Kontribusi Remaja dalam Memerangi Narkoba

BELUM lama ini Badan Narkotika Nasional Kabupaten Sukabumi melaksanakan peringatan Hari Anti Narkoba Internasional (HANI) dengan tema “WAR ON DRUGS”, yang bertempat di Jl. Gelanggang Pemuda Cisaat, Sukabumi pada tanggal 26 Juni 2021. Pada kesempatan itu juga sekaligus menyelenggarakan pemilihan Duta Anti Narkoba Kab. Sukabumi dengan tujuan diharapkannya para peserta dapat memahami bahwa bahaya Narkoba menurut agama itu dapat merusak moral dan juga rusaknya iman, tidak hanya itu bahaya Narkoba tidak hanya berdampak pada fisik saja tetapi berdampak buruk juga pada kesehatan kelangsungan hidup serta merusak masa depan bangsa. ‘’Dikutip dari halaman Tweet BNNK Sukabumi”

Dengan terpilihnya 20 finalis peserta Duta Anti Narkoba dan terpilih 6 orang juara sebagai Duta Anti Narkoba Kabupaten Sukabumi. Sebagaimana diamanatkan oleh ibu Dr. (Cand) M. Retno Daru Dewi, AMK., S.Psi., M.Si. selaku Kepala BNNK Sukabumi, “mari kita perang melawan Narkoba dengan memberikan pemahaman mengenai dampak dan akibat dari bahaya Narkoba kepada orang-orang terdekat & masyarakat luas”.
Pada kegiatan ini penulis sebagai pelajar berkesempatan menjadi finalis tersebut.  Juga berharap melalui kegiatan ini, tumbuhnya rasa semangat kita sebagai pelajar Indonesia untuk ikut serta aktif dalam menyuarakan P4GN (Pencegahan, pemberantasan penyalahgunaan dan peredaran gelap Narkotika) di masyarakat luas terutama dikalangan para pemuda. Sebagai duta berarti menjadi perwakilan atau public figure pada kegiatan pencegahan Narkoba terkhususnya di wilayah Kabupaten Sukabumi. Dan tantangan terbesar menghadapi Narkoba yaitu bagaimana cara membentuk pola pikir kita dimana harus mampu bisa membedakan mana yang baik dan mana yang buruk, karena pada dasarnya Narkoba itu sangat berbahaya.

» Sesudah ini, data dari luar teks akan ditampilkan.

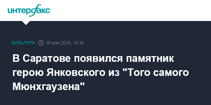 В Саратове появился памятник герою Янковского из "Того самого Мюнхгаузена"
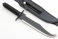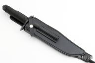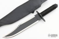 This knife features a two-tone blade with black center and satin finished grinds, 14 saw-teeth on blade spine and sharpened top edge, .258" blade stock and 1.825" blade depth, hidden tang construction. The handle has a black stainless steel double guard with flat and Phillips head screwdrivers, hollow cord wrapped handle, and aluminum removable butt cap with a compass and an O-ring to make it waterproof. Comes with black leather sheath with a diamond sharpener in the sheath and a Lile zippered case. Designed by Jimmy Lile and made by Vaughn Neeley. New From Maker!
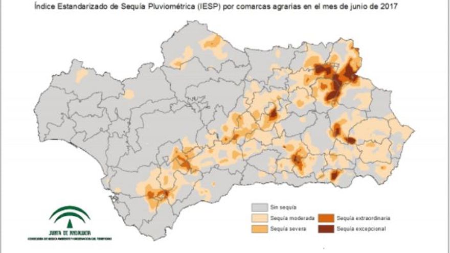 De las 26 comarcas en las que se divide Andalucía, 22 se encuentran en situación de sequía pluviométrica moderada y las 4 cuatro restantes en situación severa: Penibética (Córdoba), La Loma (Jaén), Sierra de Cazorla (Jaén), Sierra de Segura (Jaén). Según el informe de sequía de la Junta, “a corto plazo, se espera un recrudecimiento de la sequía en las comarcas que presentan una afectación severa así como en la Sierra de Cádiz y Campo de Tabernas (Almería).
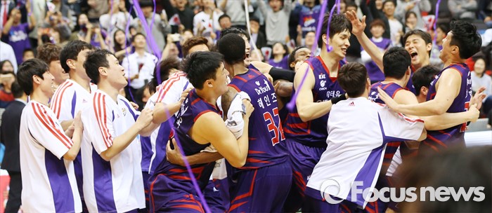(고양=포커스뉴스) 29일 고양체육관에서 열린 2015-2016 프로농구 챔피언결정전 6차전을 승리하며 우승한 오리온 선수들이 경기 종료와 동시에 함께 뒤엉키며 환호하고 있다.
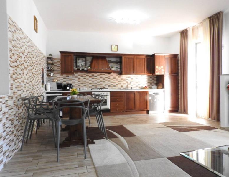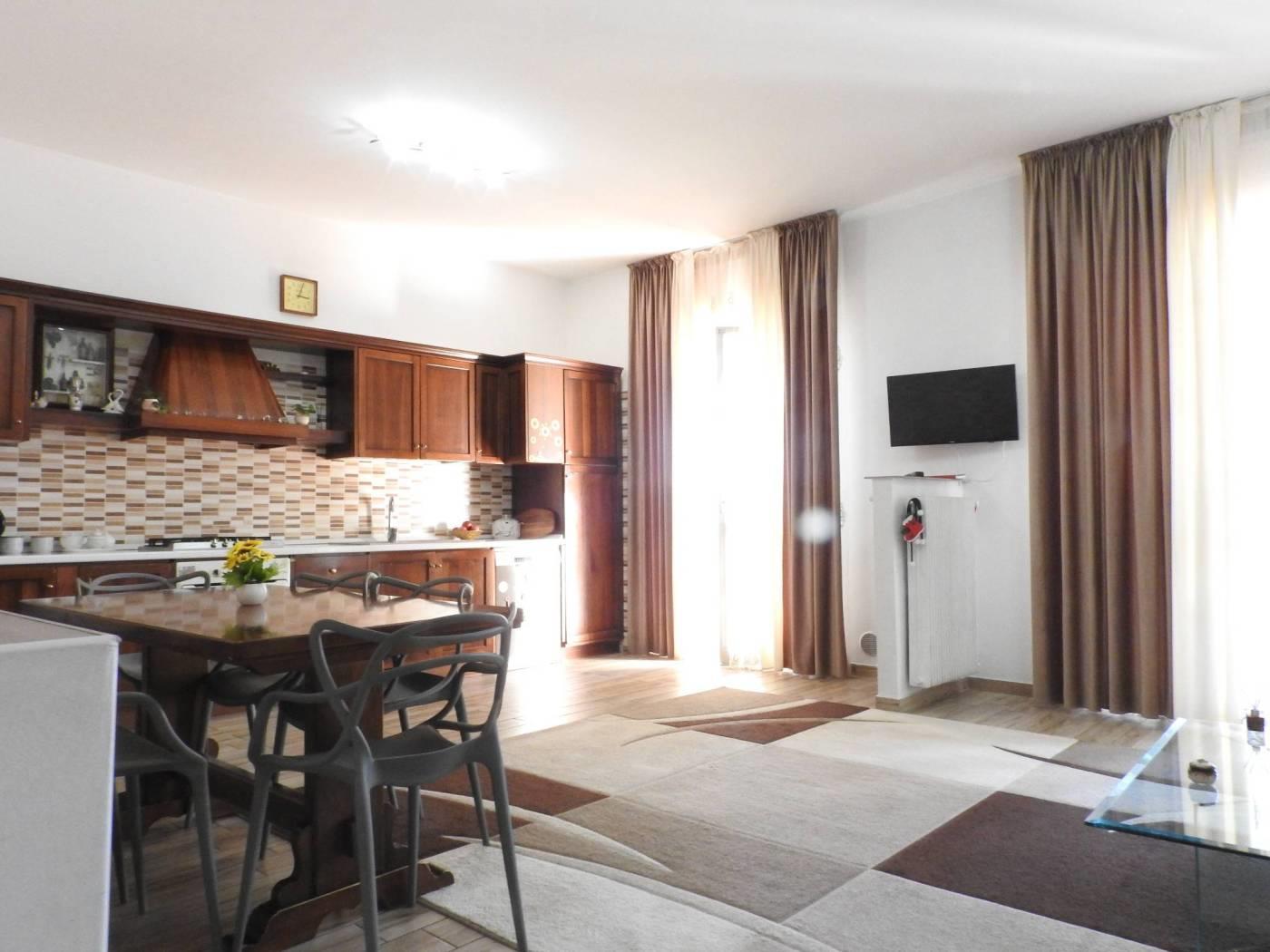 La cucina è a vista, perfetta per chi ama avere uno spazio unico e luminoso.
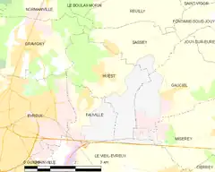 - Situación de Huest en un mapa de Francia y de comunas limítrofes (en francés)

Pada dasarnya Narkoba tetap menjadi penghalang Negara Indonesia untuk menjadi maju. Karena akibat dari penyalahgunaan Narkotika di Indonesia dapat membunuh generasi muda kita yang juga terdapat berbagai masalah penghambat kemajuan bangsa lainnya seiring meningkatnya terorisme, radikalisme, bahkan korupsi. Namun tantangan ini ada bukan untuk dihindari tetapi ada untuk dihadapi. Pandemi tidak menjadi penghalang untuk kami tetap beraksi dalam menyuarakan stop Narkoba. 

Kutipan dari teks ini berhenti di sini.